Matthew 2:16 is the sixteenth verse of the second chapter of the Gospel of Matthew in the New Testament.

Joseph and Mary had been visited by an angel and told that Herod would attempt to kill Jesus, their son. Doing as told, they took their infant son and fled by night into Egypt, where they stayed until Herod had died. The three Magi were separately warned in a dream of the threat that King Herod posed and went home by a different route than they came.

Herod had planned to make the Magi tell him of the whereabouts of the Christ child. When he heard of the Magi's change in course, he grew angry and tried to kill the infant messiah by killing all the young children in the area, an event known as the Massacre of the Innocents.

==Content==
In the King James Version of the Bible the text reads:
Then Herod, when he saw that he was mocked of the wise men,
was exceeding wroth, and sent forth, and slew all the children
that were in Bethlehem, and in all the coasts thereof, from
two years old and under, according to the time which he had diligently
inquired of the wise men.

The World English Bible translates the passage as:
Then Herod, when he saw that he was mocked by the wise men,
was exceedingly angry, and sent out, and killed all the male children
who were in Bethlehem and in all the surrounding countryside, from
two years old and under, according to the exact time which he had
learned from the wise men.

The Novum Testamentum Graece text is:
Τότε Ἡρῴδης ἰδὼν ὅτι ἐνεπαίχθη ὑπὸ τῶν μάγων
ἐθυμώθη λίαν, καὶ ἀποστείλας ἀνεῖλεν πάντας τοὺς παῖδας
τοὺς ἐν Βηθλεὲμ καὶ ἐν πᾶσι
τοῖς ὁρίοις αὐτῆς ἀπὸ διετοῦς καὶ κατωτέρω,
κατὰ τὸν χρόνον ὃν ἠκρίβωσεν παρὰ τῶν μάγων.

For a collection of other versions see BibleHub Matthew 2:16

==Analysis==
Brown notes that the then, when construction is used throughout Matthew to indicate a change of scene as in this case where the narrative moves from the Holy Family to King Herod.

The word empaizein is variously translated as deceived or mocked; in reality, Brown notes that the word is a combination of the two ideas and has no direct English translation.

Clarke notes that the description of Herod as "exceeding wroth" has been central to Herod's perception and was the foundation for how the king was portrayed in the mystery cycles of the past and in modern popular culture. Herod was documented to have killed his own sons (Antipater, Alexander and Aristobulus) when he perceived them as threats to his throne, as recounted in the compendium Saturnalia (compiled by Macrobius) that Augustus remarked "It is better to be Herod's pig than his son."

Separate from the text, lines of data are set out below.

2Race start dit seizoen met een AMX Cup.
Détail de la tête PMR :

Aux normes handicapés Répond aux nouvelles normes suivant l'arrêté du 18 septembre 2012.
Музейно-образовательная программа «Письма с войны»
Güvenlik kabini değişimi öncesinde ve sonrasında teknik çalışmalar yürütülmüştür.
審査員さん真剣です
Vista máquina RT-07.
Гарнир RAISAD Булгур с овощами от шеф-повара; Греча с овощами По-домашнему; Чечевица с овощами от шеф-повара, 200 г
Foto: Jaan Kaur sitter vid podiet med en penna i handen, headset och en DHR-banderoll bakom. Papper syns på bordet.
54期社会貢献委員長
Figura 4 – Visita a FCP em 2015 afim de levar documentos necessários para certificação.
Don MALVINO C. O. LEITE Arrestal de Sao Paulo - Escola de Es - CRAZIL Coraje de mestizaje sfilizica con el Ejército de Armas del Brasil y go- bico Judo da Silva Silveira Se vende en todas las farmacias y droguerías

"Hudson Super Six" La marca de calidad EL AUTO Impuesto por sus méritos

Jones notes that "surroundings" refers to the rural areas around the village of Bethlehem. It does not refer to any other nearby towns or villages. At the time, Bethlehem was a small village and it and its surrounding area would have had a very small population. Albright and Mann estimate the village would have had only some 300 people at the time, Raymond E. Brown estimates it was around a thousand. For all these figures, the number of children killed would have been less than twenty. This number clashes with the traditional view of thousands of deaths, but it helps explain why the massacre was not mentioned by any historians such as Josephus. The killing of all the infants in a small village would have been only one of many massacres Herod is recorded to have carried out in his later years. At the same time, Brown notes that the double word all shows that the author of Matthew is trying to portray a large massacre.

Gundry notes that "two years old and under" properly refers to children who have not entered their second year, thus those twelve months old and younger. That Herod picks this number is considered an important clue to when Jesus was born. It is taken to indicate that close to a year had elapsed since the birth of Jesus. Herod is believed to have died in 4 BC so based on Matthew, Jesus' birth is guessed to have been in 5 or 6 BC.

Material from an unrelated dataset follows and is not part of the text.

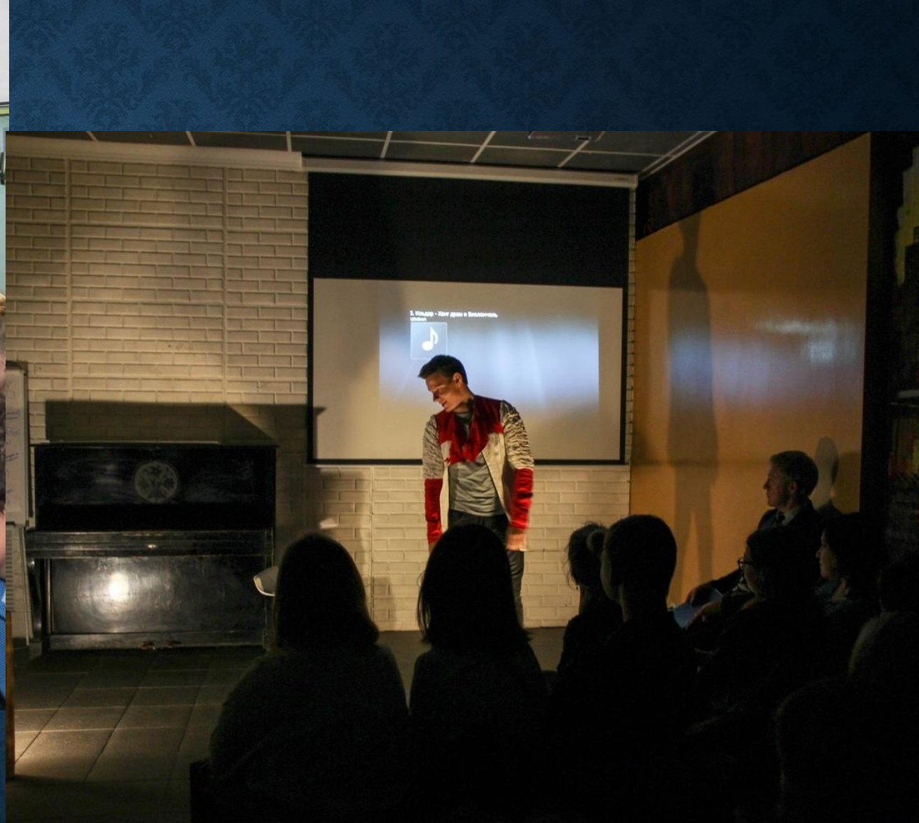
Творческий вечер НДТ СГМУ "Зеркало" в ШТАБЕ 21 сентября 2018г.
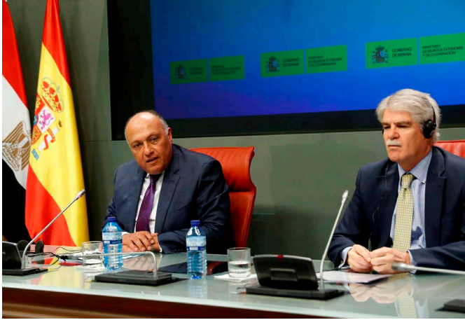
El ministro egipcio de Asuntos Exteriores, D. Sameh Shoukry con el ministro de Asuntos Exteriores de España, D. Alfonso Dastis. Madrid, 15 de febrero de 2018

Industria, Energía y Turismo del Reino de España y el Ministerio de Turismo de la República Árabe de Egipto.

==Commentary from the Church Fathers==
Pseudo-Chrysostom: When the infant Jesus had subdued the Magi, not by the might of His flesh, but the grace of His Spirit, Herod was exceeding wrath, that they whom he sitting on his throne had no power to move, were obedient to an Infant lying in a manger. Then by their contempt of him the Magi gave further cause of wrath. For when kings’ wrath is stirred by fear for their crowns, it is a great and inextinguishable wrath. But what did he? He sent and slew all the children. As a wounded beast rends whatsoever meeteth it as if the cause of its smart, so he mocked by the Magi spent his fury on children. He said to himself in his fury, ‘Surely the Magi have found the Child whom they said should be King;’ for a king in fear for his crown fears all things, suspects all. Then he sent and slew all those infants, that he might secure one among so many.

Augustine: And while he thus persecutes Christ, he furnished an army (of martyrs) clothed in white robes of the same age as the Lord.

Augustine: Behold how this unrighteous enemy never could have so much profited these infants by his love, as he did by his hate; for as much as iniquity abounded against them, so much did the grace of blessing abound on them.

Augustine: O blessed infants! He only will doubt of your crown in this your passion for Christ, who doubts that the baptism of Christ has a benefit for infants. He who at His birth had Angels to proclaim Him, the heavens to testify, and Magi to worship Him, could surely have prevented that these should not have died for Him, had He not known that they died not in that death, but rather lived in higher bliss. Far be the thought, that Christ who came to set men free, did nothing to reward those who died in His behalf, when hanging on the cross He prayed for those who put Him to death.

Rabanus Maurus: He is not satisfied with the massacre at Bethlehem, but extends it to the adjacent villages; sparing no age from the child of one night old, to that of two years.

Augustine: The Magi had seen this unknown star in the heavens, not a few days, but two years before, as they had informed Herod when he enquired. This caused him to fix two years old and under; as it follows, according to the time he had enquired of the Magi.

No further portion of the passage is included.